* TASK OBJECTIVE *
In the copy, include exactly the lines from the one with "6 wkładów plastrów" through the end of the data and no others, both ends kept, with every picture left out.

* DATASET EXTRACT *

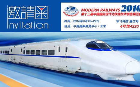 2016-06-13華飛科技邀您參加“2016鐵路技術裝備展”第十三屆中國國際現代化鐵路技術裝備展覽會(MODERN RAILWAYS 2016)于2016年6月20-22日在北京?中國國際展覽中心舉辦。本屆展會旨在展示中國鐵路近...查看更多 -
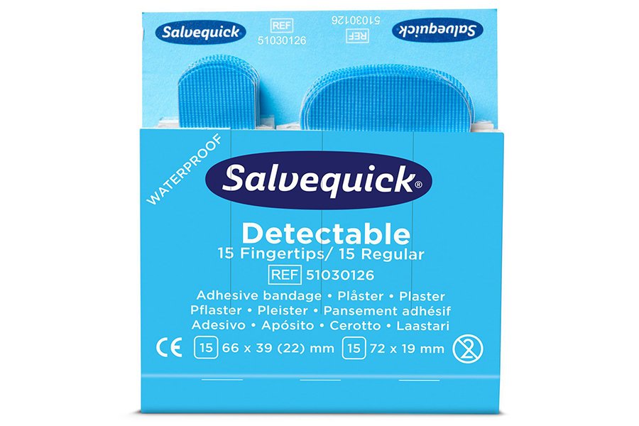 6 wkładów plastrów wykrywalnych na opuszki palców Salvequick Cederroth REF 51030126 + Automat do plastrów REF 490710 GRATIS !
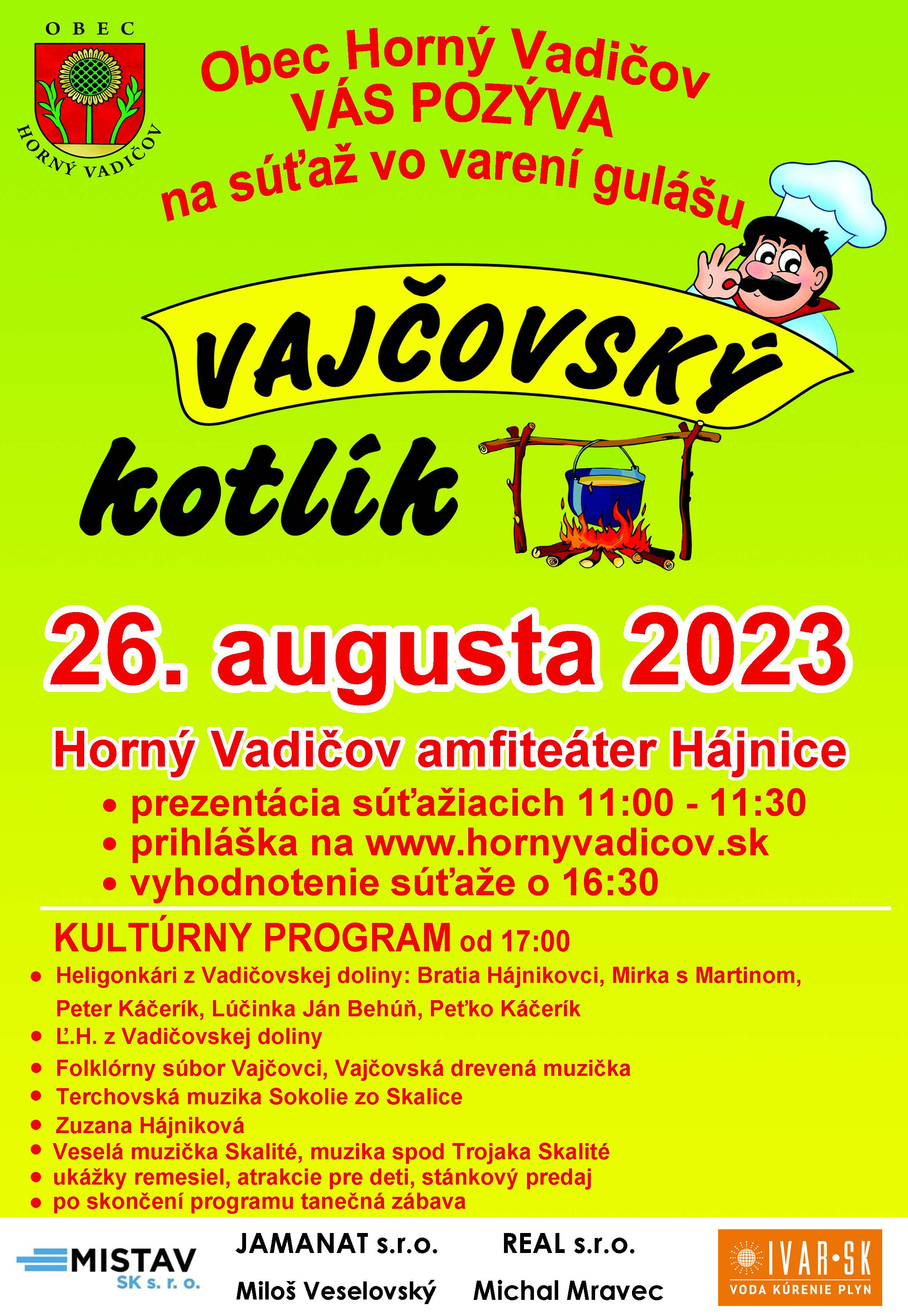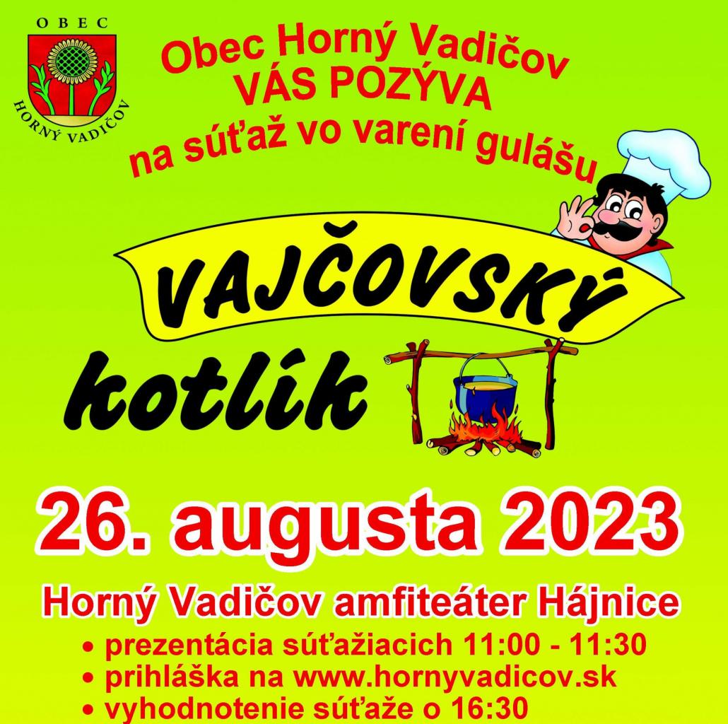 Pozývame všetkých milovníkov dobrého gulášu na súťaž v jeho varení na Hájniciach Hornom Vadičove. Prihlášky pre súťažné družstvá sú dostupné na Obecnom úrade, v pohostinstve ALFA, v potravinách Môj obchod a na webovej stránke obce.

* RESULT BELOW *
 6 wkładów plastrów wykrywalnych na opuszki palców Salvequick Cederroth REF 51030126 + Automat do plastrów REF 490710 GRATIS !
 Pozývame všetkých milovníkov dobrého gulášu na súťaž v jeho varení na Hájniciach Hornom Vadičove. Prihlášky pre súťažné družstvá sú dostupné na Obecnom úrade, v pohostinstve ALFA, v potravinách Môj obchod a na webovej stránke obce.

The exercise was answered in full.